┌────────
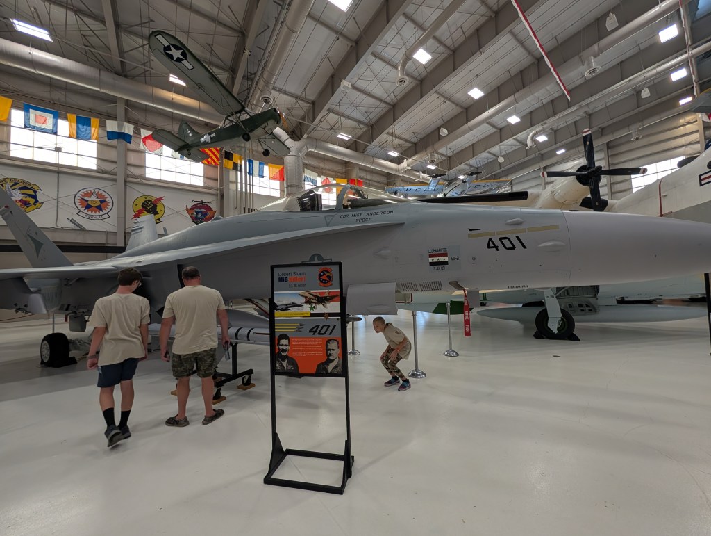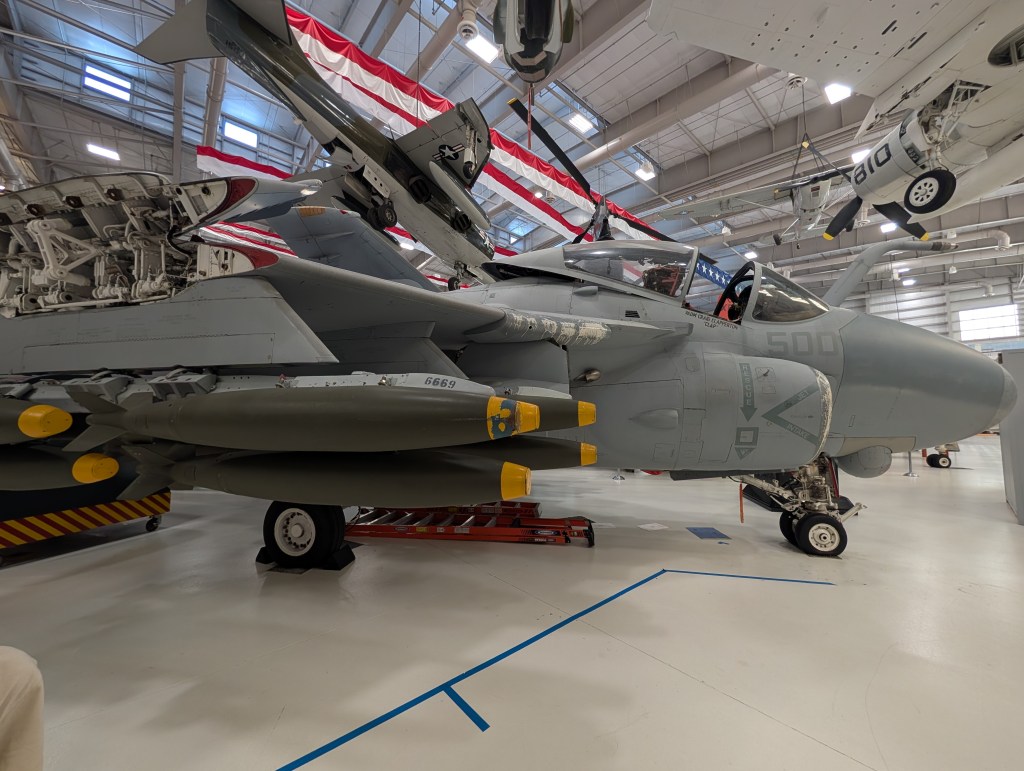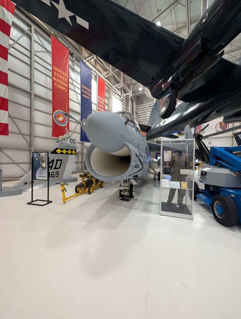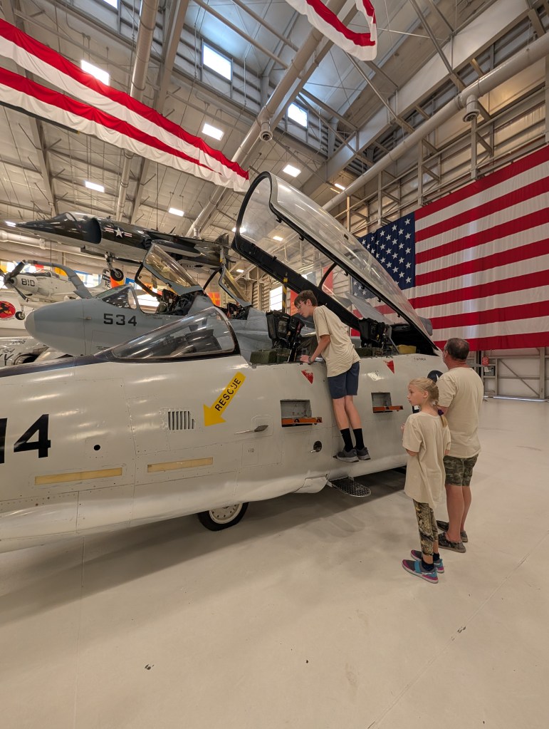 If you decide to go to the NNAM, I would highly suggest you make a visit to Hangar Bay 1 which is right next to it. We thought is was amazing! They have a Tomcat, Hawkeye, Intruder, and so many more! It was so cool! We also had the pleasure of meeting Mr. Patrick Cobb (my apologies that I don’t recall his title and rank) who was an electrician and served during Vietnam. He was so nice and showed us the wiring in the wings. Here he is with the A-6 Intruder he worked on followed by more aircraft we enjoyed seeing.
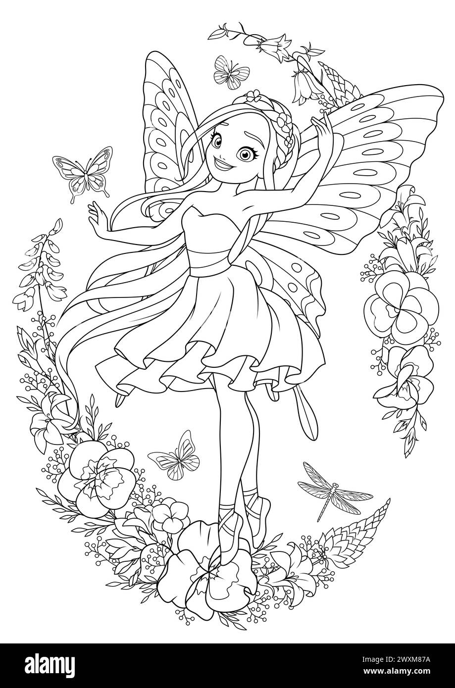 Cute Flying Fairy With Wings Surrounded With Butterflies And Flowers Vector Coloring Page Stock Vector Illustration Of Flower Beautiful 236575023
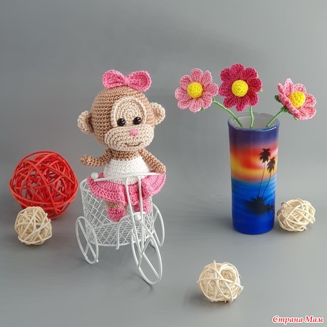 Связалась у меня вот такая озорная обезьянка в совместнике. Росточка она совсем небольшого 9см, с бантиком 10см.
└────────
Each line above is to be duplicated exactly, and the pictures are to be omitted.

→ **Answer section**:
 If you decide to go to the NNAM, I would highly suggest you make a visit to Hangar Bay 1 which is right next to it. We thought is was amazing! They have a Tomcat, Hawkeye, Intruder, and so many more! It was so cool! We also had the pleasure of meeting Mr. Patrick Cobb (my apologies that I don’t recall his title and rank) who was an electrician and served during Vietnam. He was so nice and showed us the wiring in the wings. Here he is with the A-6 Intruder he worked on followed by more aircraft we enjoyed seeing.
 Cute Flying Fairy With Wings Surrounded With Butterflies And Flowers Vector Coloring Page Stock Vector Illustration Of Flower Beautiful 236575023
 Связалась у меня вот такая озорная обезьянка в совместнике. Росточка она совсем небольшого 9см, с бантиком 10см.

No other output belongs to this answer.